There's no getting around it -- no matter what, each and every one of us has to learn to say good-bye to the people, places and things we love. The way I see it, we have only two choices, and neither of them is easy. We can either say good-bye badly, in ways that hurt, or we can say good-bye well, in ways that help us to grow and move on with our lives.
We need to learn to say good-bye well. That means acknowledging the pain we feel over change and loss of all kinds, the small as well as the large. It means looking hopefully towards the unknown future, knowing that it holds mysteries of both happiness and grief. Saying good-bye well means expressing the mixed emotions of parting -- the excitement and anticipation pulling us towards the new, the sadness on both sides at parting, the ache of those left behind.
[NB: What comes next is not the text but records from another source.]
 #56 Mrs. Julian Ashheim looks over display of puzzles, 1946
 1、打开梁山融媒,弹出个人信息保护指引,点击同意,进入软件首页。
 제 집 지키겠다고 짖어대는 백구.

If we let ourselves be the kind of people who never can say good-bye, we become people who cannot deal with strong emotion, who cannot move ahead with life.
In my 20+ years as a UU minister, I have counseled many families and individuals over issues of grief and loss, and I have tried to help them all to say good-bye well. I have found that there are five things that need to be said in order to have a good good-bye. The first and second are to express love, on both sides, and the third and fourth are to extend and ask for forgiveness. The fifth and final thing is let each other go with good wishes and without bitterness.
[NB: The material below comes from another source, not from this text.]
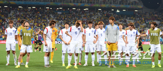 2014브라질월드컵 H조 3차전 한국과 벨기에의 경기가 27일 (한국시간) 상파울루의 아레나 코린치안스경기장에서 열렸다. 태극전사들이 벨기에에 0대1로 패한후 경기장을 걸어나오고 있다.

Let me say first that I love this congregation and this church. You are good people, and this is a good church. The first duty of a parish minister is to love the people she or he is privileged to be ministering among, and I have done that to the best of my ability, and I hope that most of you can say you return my affections, whatever our differences have been in the past.
Since the best of my ability was often not good enough, I humbly ask your forgiveness. I acknowledge that I have sometimes made situations worse when I was trying to make them better, spoken when I should have stayed silent, stayed silent when I should have spoken. I deeply regret any and all times I have fallen short as your minister, and assure you that my many failings and faults were never intentionally inflicted upon you. I am sorry I did not always live up to your expectations and hopes.
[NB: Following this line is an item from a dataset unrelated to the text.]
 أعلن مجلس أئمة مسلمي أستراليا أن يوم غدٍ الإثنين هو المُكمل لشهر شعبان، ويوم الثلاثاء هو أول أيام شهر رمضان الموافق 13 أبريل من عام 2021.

Because I know I need forgiveness for not being the perfect minister, and because I love you, I also forgive you for not being the perfect church and the perfect congregation. I forgive you for the times you hurt my feelings or ignored me, misconstrued my words or actions, refused to come directly to me with your questions and concerns, failed to live up to my expectations and hopes for this church. I forgive you – but do try to make different mistakes with your next minister.
I hope that over these 5 ½ years I have said something, that was meaningful to you, that triggered a memory, made you think, challenged you, or that was helpful to you in some small way. I leave with you my hopes for a bright future for this church, as you enter into this new period in your congregational life and history.
This good-bye is not final. I know that I will see some of you at GNOUU and district/regional and UU gatherings in the future. We will see each other again, and I’ll always be glad when that happens.
“Good-bye and farewell:” May you be protected and cared for and may your journey be safe and good -- what else can any of us offer to those we love who must leave us? What better thing is there to say if you have to depart from people you love? That is the fifth task of leave-taking, of saying good-bye, and I say it to you now with all my heart: Good-bye and farewell.